Henry Bugbee
Henry Bugbee – A Lifelong Thinker on Nature and Wilderness
Henry Bugbee became an inconsequent lecturer at several renowned universities – Stanford, Harvard, Chatham College and Penn State – yet has fallen into relative obscurity despite his influential philosophizing on nature and wilderness. Yet his legacy continues to influence us today.
This book brings his work out of obscurity, beginning with student writings and moving through published and unpublished work.
Early Life and Education
Bugbee was an avid reader, yet his ideas often languished in relative obscurity. This book introduces him as an early environmental philosopher and deep thinker about nature.
This volume presents Rodick’s writings from various stages in his academic life: undergraduate thesis and dissertation, essays published during his lifetime and four never before published pieces as well as an extended interview recorded near the end of his life. Although his selections appear disparate at first glance, Rodick notes that strikingly coherent themes emerge.
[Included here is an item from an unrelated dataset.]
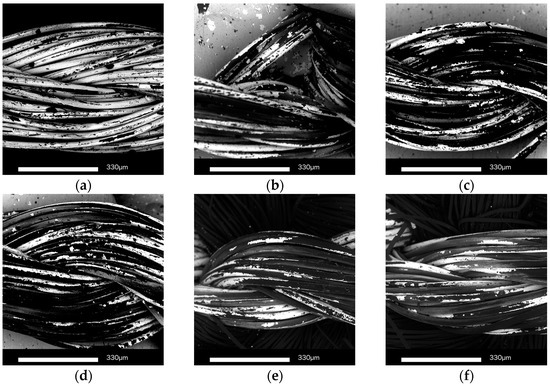 From the previous studies [], it is possible to notice that the conductive thread is not affected if the washing temperature is 30 °C. In order to understand the strong increase of the thread resistances, the samples were observed with a SEM. As shown in Figure 10a, peeling-off of plated silver areas can be observed even if the thread is not washed. This failure of coating derives from the mechanical movement during the sewing process. With the increase of the number of washing cycles, more and more plated silvers are destroyed by the mechanical movement (bending, friction, etc.) during the washing (Figure 10b–f). After 50 washing cycles, the silver material can rarely be observed on the outside surface of thread. This may explain the bad conductivity results of washed unprotected threads and the improvements obtained when TPU is used.

Born into an affluent family in 1915, he fled Manhattan’s preppy world at Hotchkiss School and spent seasons hoboing to Wyoming hay farms before attending Princeton University and later UC Berkeley for his doctorate studies in philosophy. While aboard a wartime mine sweeper ship in the Pacific he overcame writer’s block and realigned his focus toward philosophy as his studies.
Professional Career
Bugbee earned his bachelor’s degree from Princeton University in 1936 with his thesis entitled, “In Demonstration of Spirit.” Following this, he relocated westward for graduate studies at Berkeley but his academic pursuit was interrupted by World War II minesweeping duties.
Bugbee made waves with his 1957 publication of The Inward Morning, a daybook which combined East and West, nature and culture, the personal and universal. While its release left critics puzzled, readers appreciated his poetic philosophy of wilderness living.
The collection contains typescripts from lectures throughout Bugbee’s teaching career at universities including University of Nevada Reno Stanford Harvard and Montana where he taught for decades. There is also class material, correspondence notes and other writings by him that show annotation and underlining, possibly made by him himself.
Achievement and Honors
Bugbee was an immensely popular president praised for his executive and organizational abilities as well as for championing arts, culture and education initiatives. Additionally, he championed academic freedom.
His philosophical daybook, The Inward Morning, bridges East and West, nature and culture, the personal and universal. It has since become an underground classic that continues to influence a generation of philosophers.
At Allegheny, he implemented an energetic building program, retrofitting Bentley and Ruter halls and setting up cooperative boarding with Philo-Franklin and Ossoli women’s boarding houses as well as encouraging literary societies. Additionally, he served in World War II in both minesweeping and patrol duty, earning himself the Distinguished Service Medal in recognition.
Personal Life
Henry Greenwood Bugbee was born and raised in Hotchkiss, Colorado. After attending Princeton University for his undergraduate studies and Berkeley for graduate work in 1936 respectively, he interrupted both to serve in World War II’s Pacific Theater Navy as captain of a minesweeper minesweeper as Captain Henry G. Bugbee a minesweeper captain.
Bugbee’s writing not only drew on philosophical canon, but drew from various sources beyond it: from Plato and Aristotle to Herman Melville, Charles M. Doughty, Franz Kafka. He frequently invoked the power of “wild nature” while drawing parallels between himself and Thoreau.
He married Sally Moore and had five children: Ann Berkley from Lake Oswego, Joan Jackson of Cordova Alaska, Libby Bugbee of Missoula Montana, Morgan Bugbee from Beaverton Oregon and Taj Bugbee from Great Falls Montana as well as two stepchildren.
Net Worth
His net worth is estimated to be $3 Million. He has held various management roles within the shipping industry and currently holds senior partnership at Scorpio Tankers Inc and co-founds Hermitage Offshore Services Ltd as senior partner and co-founder respectively. Prior to its sale, OMI Corporation (aka “OMI for short”), which had NYSE-listed oil tanker shares until 2007, was under his leadership and served as its President until its sale.
Bugbee uses wilderness and nature as the backdrop to his book The Inward Morning to explore themes related to self-discovery. Following in Basho’s footsteps, he makes use of both literal and figurative themes to convey man’s journey of self-realization in nature, helping us find balance between mind and heart (Conway 260). Hamill also highlights this aspect of Basho’s poetry which relies heavily upon this setting for discussion of self-realization (Conway 261).